この駒の面取りには、通常には見られない特徴がある。上写真の双玉の表面と裏面の駒形の縁を、よくご覧いただきたい。それぞれの縁が段になっているのがわかるだろうか? このような面取りは、駒箱などに施される「ギンナン面」という方法だ。すべての駒に施すわけだから、かなりの手間がかかったにちがいない。 |
とても珍しい逸品の駒だ。長いこと駒作りや取材で駒に携わってきたが、私も「牛谷造」の実物を拝見するのは初めてのことである。
この駒は、別項の「書体への誘い・関根名人書」で紹介している「十三世名人・関根名人記念館」に所収されている。関根が免状を允許した方が持っていたもので、現在は記念館で拝見することができる。
上写真の駒銘を見ればおわかりのように、双玉の駒尻には書体名が書かれてはいない(漆が飛んだようには見えない)ので、作者しかわからない。その作者「牛谷」もあまり資料が残されていない。
明治17年(1884年)の将棋番付の上位に牛谷春甫という人物がいる。牛谷家は、幕末のころからの深川の材木商の大店で、先の牛谷春甫など多くの将棋指しを一族から輩出。

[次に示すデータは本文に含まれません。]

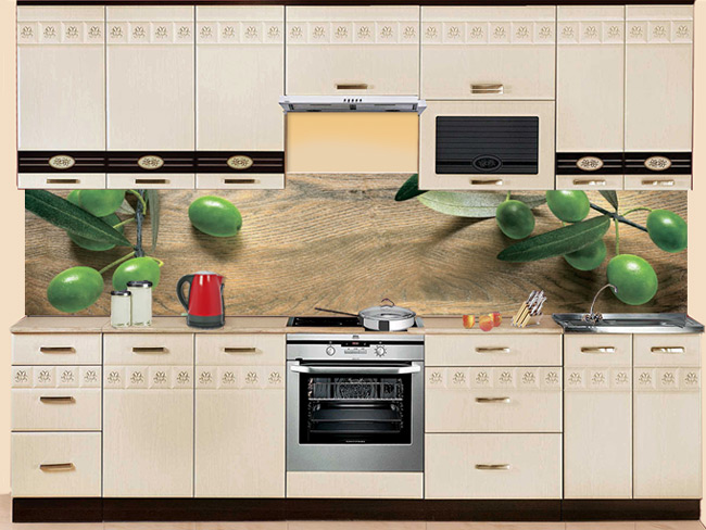 Фартук МДФ SP-180 с изображением зеленых оливок на деревянном столе эффектно выглядит на стенах кухни, столовой зоны, пиццерии, кафе. Изображение аппетитных оливок дарит атмосферу тепла и солнца. Прозрачный глянцевый слой имитирует стеклянную поверхность, не уступая ей в надежной защите от проникновения влаги и загрязнений.

牛谷家の当主・牛谷露滴は、八代名人伊藤宗印の十一世名人襲位記念の免状で六段を受けている。その露滴こそが駒の作者だと思われる。
「○○造」というのは、江戸期の「安清造」「金龍造」「真龍造」と共通するところから、どちらにしても江戸末期から明治にかけて作られたものであろう。別項「名工の轍」で取り上げた名工たちより前の時代に、駒作りに携わったとされるのが「牛谷」である。つまり豊島龍山や奥野一香も、その牛谷氏から駒作りを教わったという通説もあるくらいだ。
盛り上げ駒という近代的駒作りの製法が、この駒で確認することができる。名工といわれる龍山以降の橋渡し役が、牛谷氏の駒作りだったのかもしれない。